ASSIGNMENT
What you return must match the records below character for character, except that no picture appears.
*** Opening SOURCE MATERIAL ***
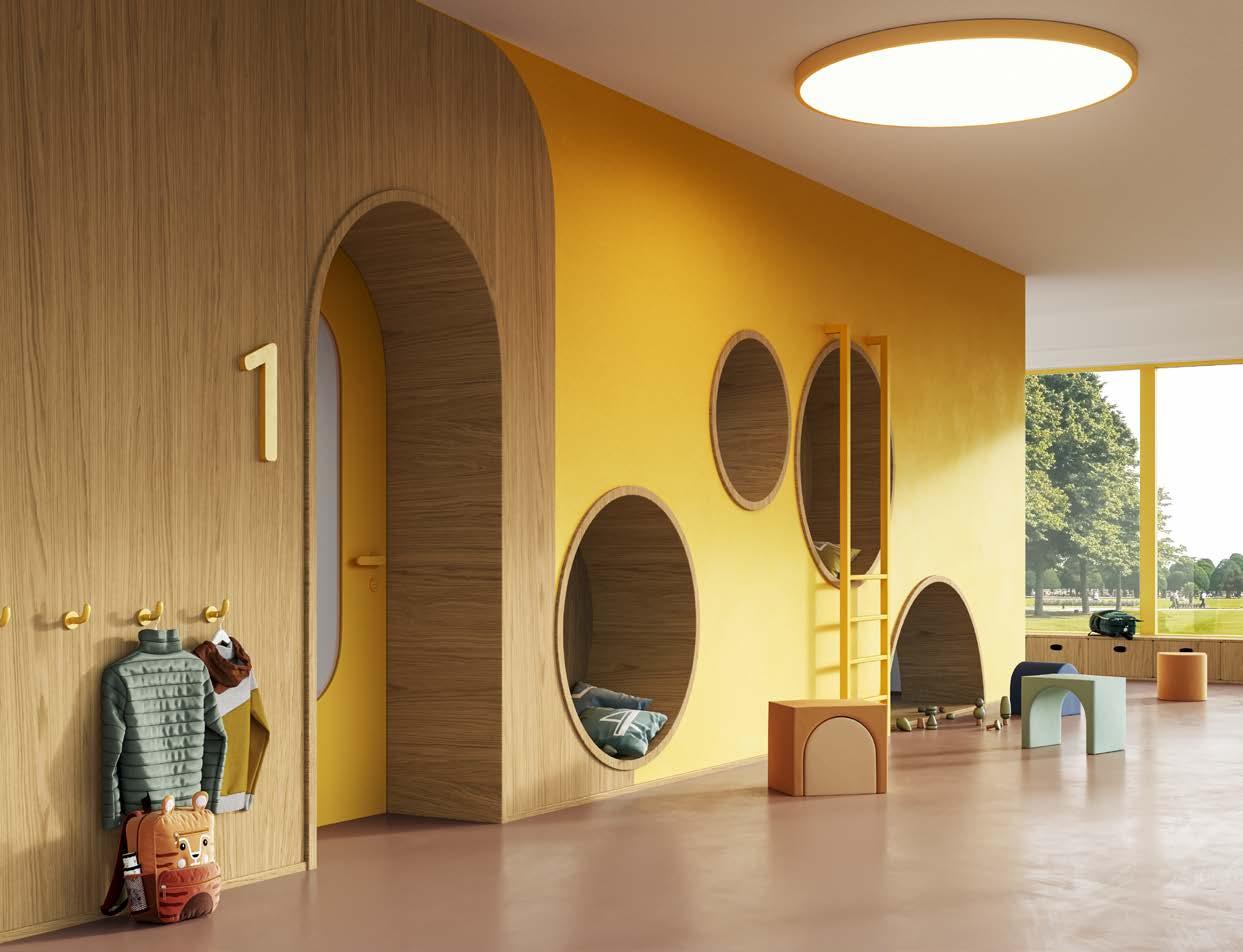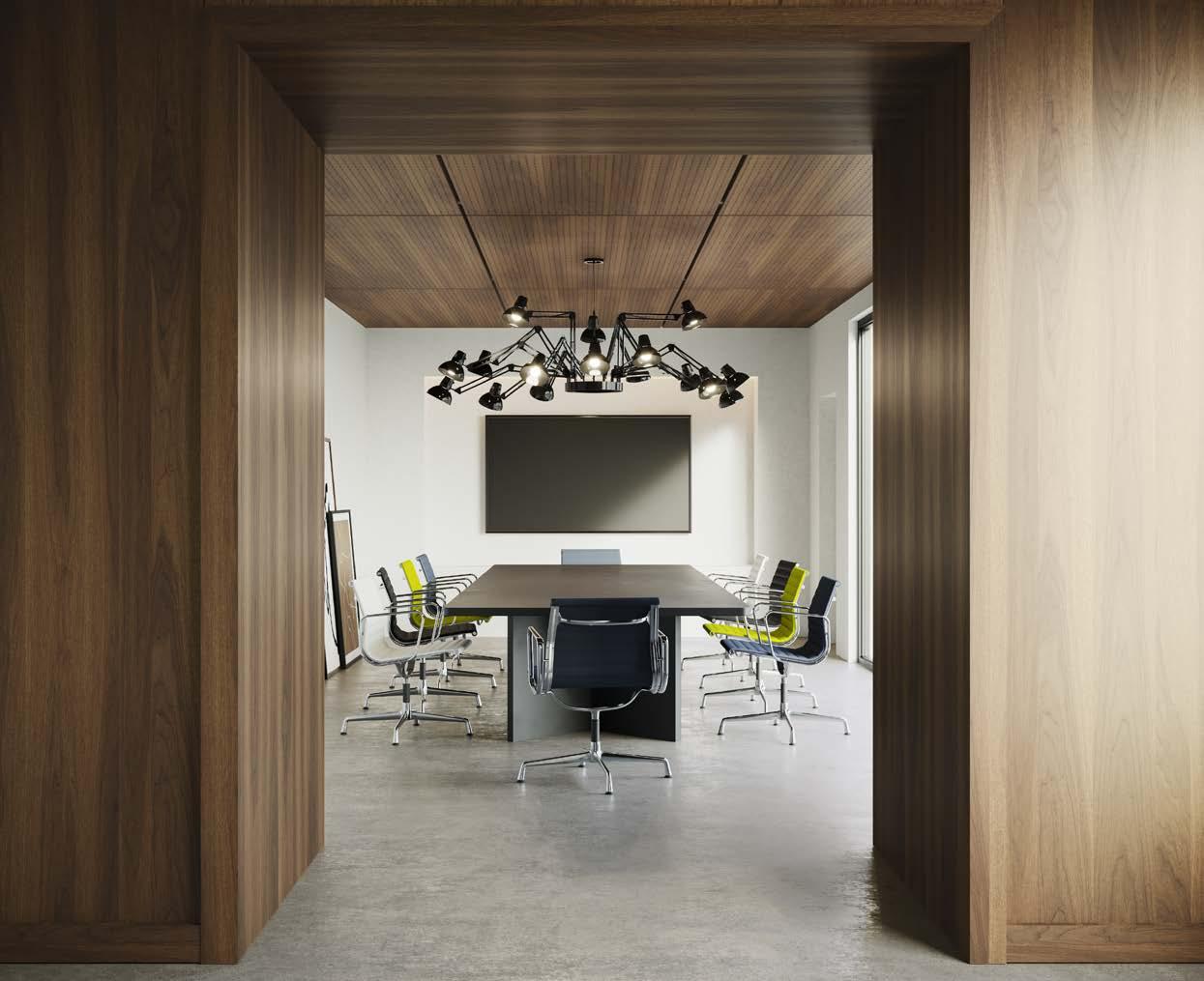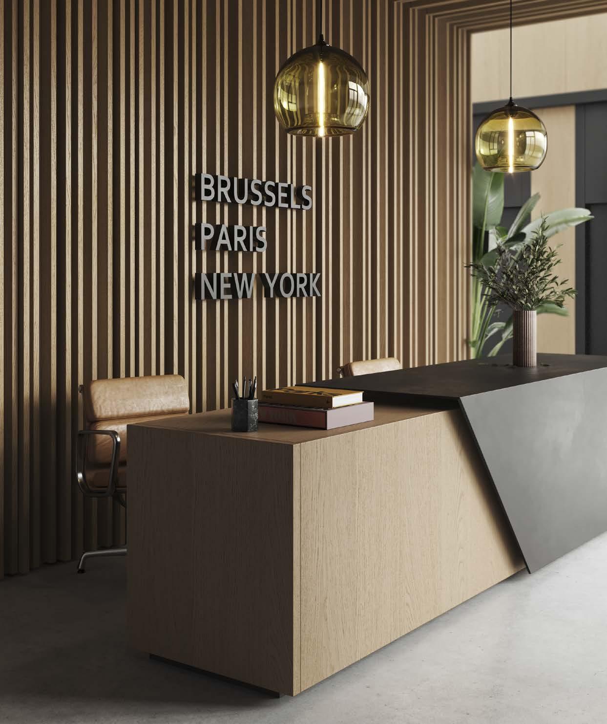 Astrata slats are veneered beams with MDF core for wall and ceiling applications. The smallest beam is finished on 3 sides, making it ideal for flush mounting against a surface. The other formats are finished on 4 sides and be used to build striking room dividers.
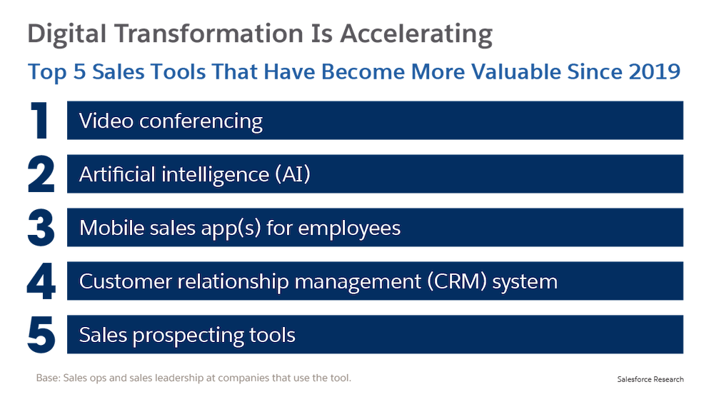 Seventy-seven percent of sales leaders say their digital transformation has accelerated since 2019. Video conferencing leads the roster of increasingly valuable sales tools — something that will come as no surprise in the midst of a pandemic. AI mobile sales apps, and CRM systems have also earned more prominent roles in sales toolkits – as sales operations seek to provide teams with both on-the-go and data-driven tools to do their jobs. Overall, 81% of respondents say sales technology needs have changed significantly since last year, and that they’re implementing changes faster than in 2019.
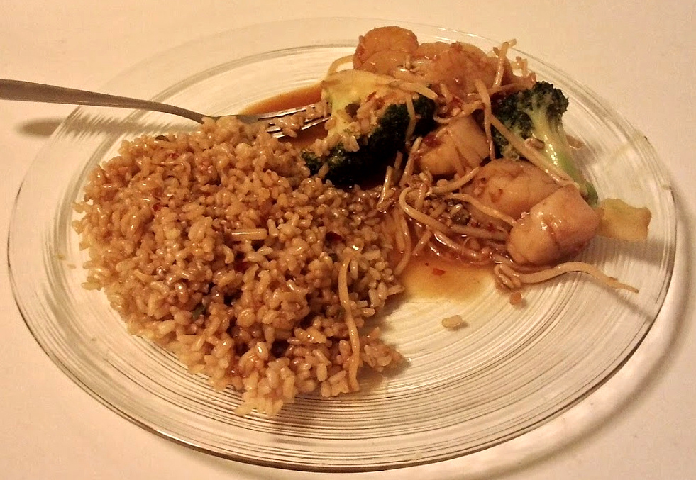 And I'm not kidding about this being a Chinese Takeout diet. With the exception of those weekend evenings spent up in the mountains of late, my dinners have been consisting of nothing but dishes from Precious, such as scallops with broccoli & bean sprouts in hot garlic sauce, with a generous pile of steamed brown rice:
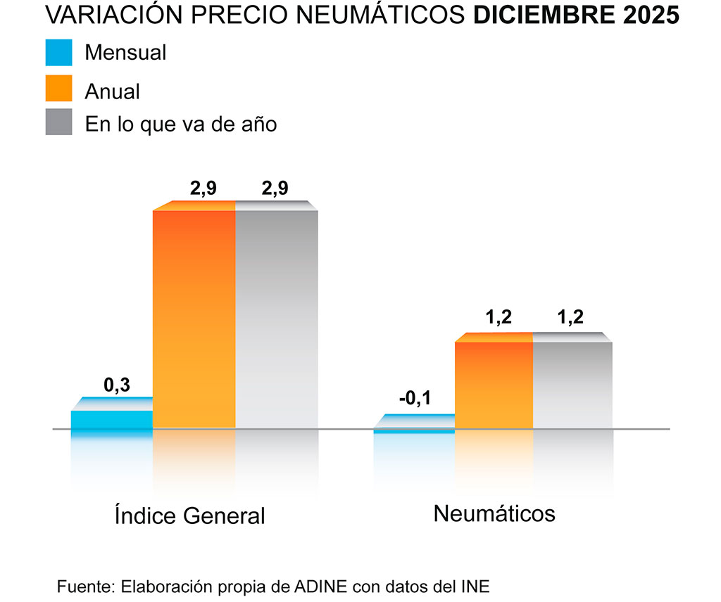 Al igual que en 2024, el precio de los neumáticos se encareció un 1,2% interanual durante 2025 en el mercado español, y vuelve a situarse 1,7 puntos porcentuales por debajo del IPC general, que cerró el pasado ejercicio en un +2,9%, según un estudio elaborado por ADINE –la Asociación Nacional de Distribuidores e Importadores de Neumáticos que representa a más del 80% del sector de la distribución de neumáticos a nivel nacional, contando entre sus actuales 122 empresas asociadas con distribuidores e importadores, además de fabricantes y talleres de neumáticos-, basado en los datos definitivos del Instituto Nacional de Estadística (INE).
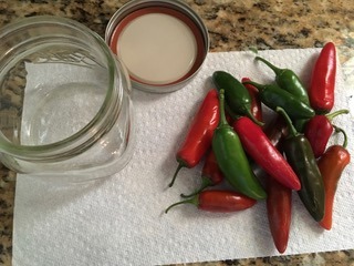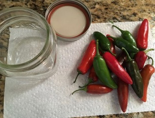 You can use virtually any spicy pepper but we prefer the flavor and heat of jalapeños.
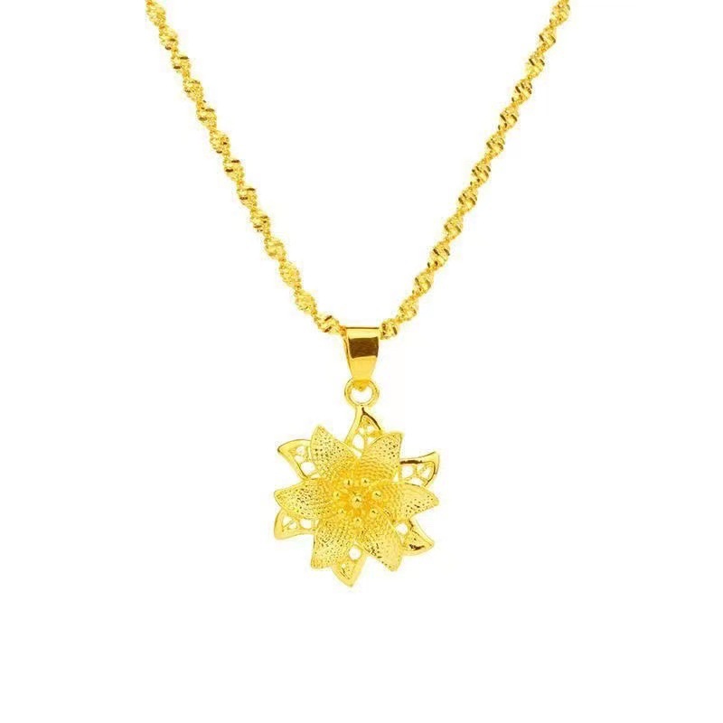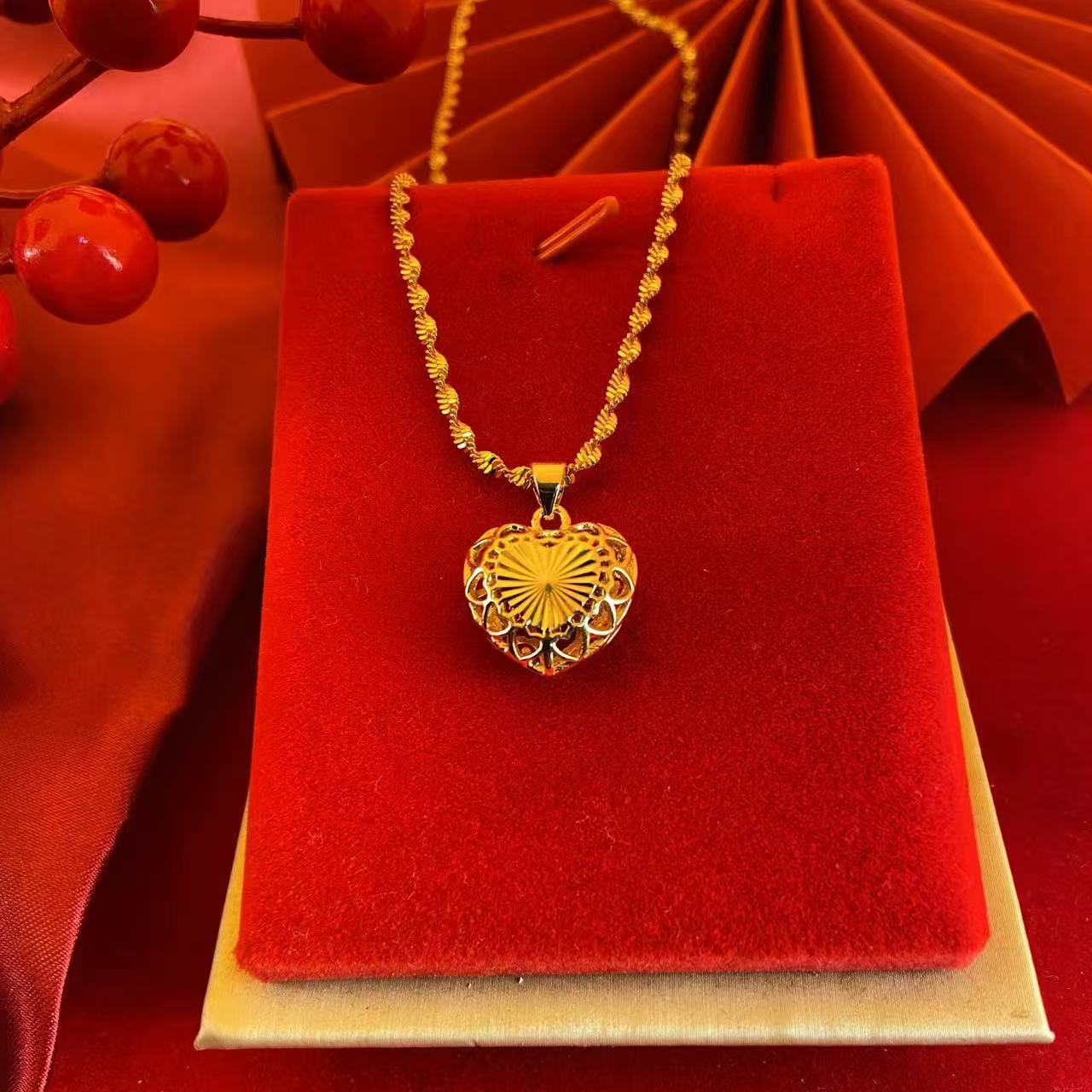 Copper Gold-plated Love Rose Necklace 2023 Clavicle Chain Simple Sand Gold Chain Four-leaf Peach Heart Pendant Jewelry
*** Closing SOURCE MATERIAL ***
EXPECTED OUTPUT
 Astrata slats are veneered beams with MDF core for wall and ceiling applications. The smallest beam is finished on 3 sides, making it ideal for flush mounting against a surface. The other formats are finished on 4 sides and be used to build striking room dividers.
 Seventy-seven percent of sales leaders say their digital transformation has accelerated since 2019. Video conferencing leads the roster of increasingly valuable sales tools — something that will come as no surprise in the midst of a pandemic. AI mobile sales apps, and CRM systems have also earned more prominent roles in sales toolkits – as sales operations seek to provide teams with both on-the-go and data-driven tools to do their jobs. Overall, 81% of respondents say sales technology needs have changed significantly since last year, and that they’re implementing changes faster than in 2019.
 And I'm not kidding about this being a Chinese Takeout diet. With the exception of those weekend evenings spent up in the mountains of late, my dinners have been consisting of nothing but dishes from Precious, such as scallops with broccoli & bean sprouts in hot garlic sauce, with a generous pile of steamed brown rice:
 Al igual que en 2024, el precio de los neumáticos se encareció un 1,2% interanual durante 2025 en el mercado español, y vuelve a situarse 1,7 puntos porcentuales por debajo del IPC general, que cerró el pasado ejercicio en un +2,9%, según un estudio elaborado por ADINE –la Asociación Nacional de Distribuidores e Importadores de Neumáticos que representa a más del 80% del sector de la distribución de neumáticos a nivel nacional, contando entre sus actuales 122 empresas asociadas con distribuidores e importadores, además de fabricantes y talleres de neumáticos-, basado en los datos definitivos del Instituto Nacional de Estadística (INE).
 You can use virtually any spicy pepper but we prefer the flavor and heat of jalapeños.
 Copper Gold-plated Love Rose Necklace 2023 Clavicle Chain Simple Sand Gold Chain Four-leaf Peach Heart Pendant Jewelry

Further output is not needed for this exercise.